All lines from the one containing "雨の中、見守りをしてくださるボランティアの皆さんです。" through the end of the data below are to be repeated exactly, with pictures left out.

_Raw data_.
>>>>>

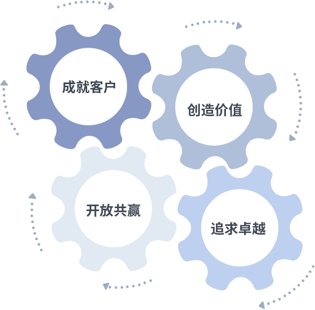 成就客户是一切决策的出发点,,,,创造价值是衡量所有工作的标准,,追求卓越是我们做事做人的态度,,,,开放共赢是我们的格局也是最终的结果。。价值观的齿轮环环相扣,,,,推动着组织里的每个人不断向前。。。。
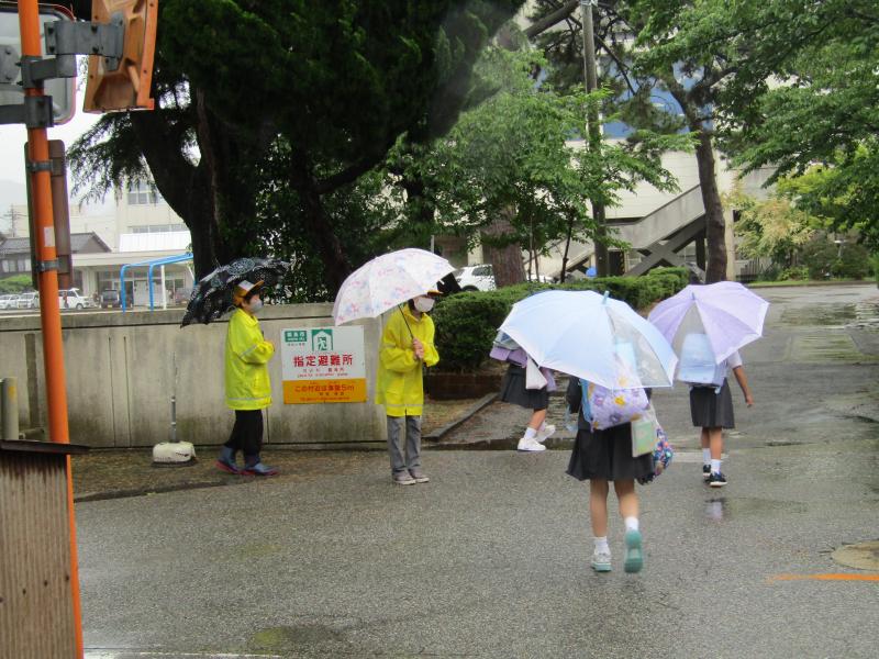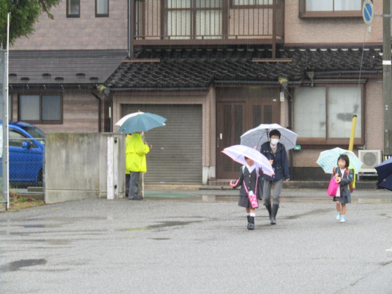 雨の中、見守りをしてくださるボランティアの皆さんです。
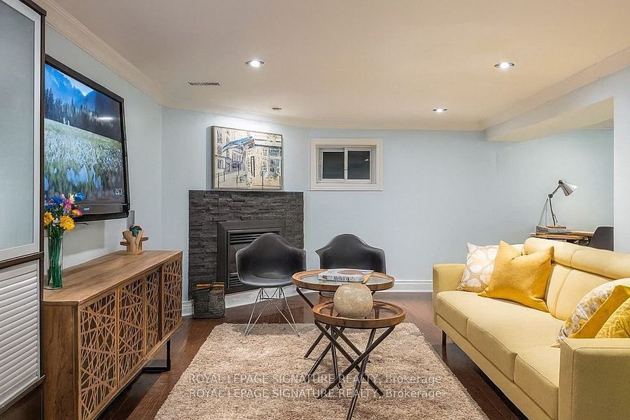 • Bright basement features a wall-mounted TV and walkout to backyard.

<<<<<

_Solution to this exercise_.
 雨の中、見守りをしてくださるボランティアの皆さんです。
 • Bright basement features a wall-mounted TV and walkout to backyard.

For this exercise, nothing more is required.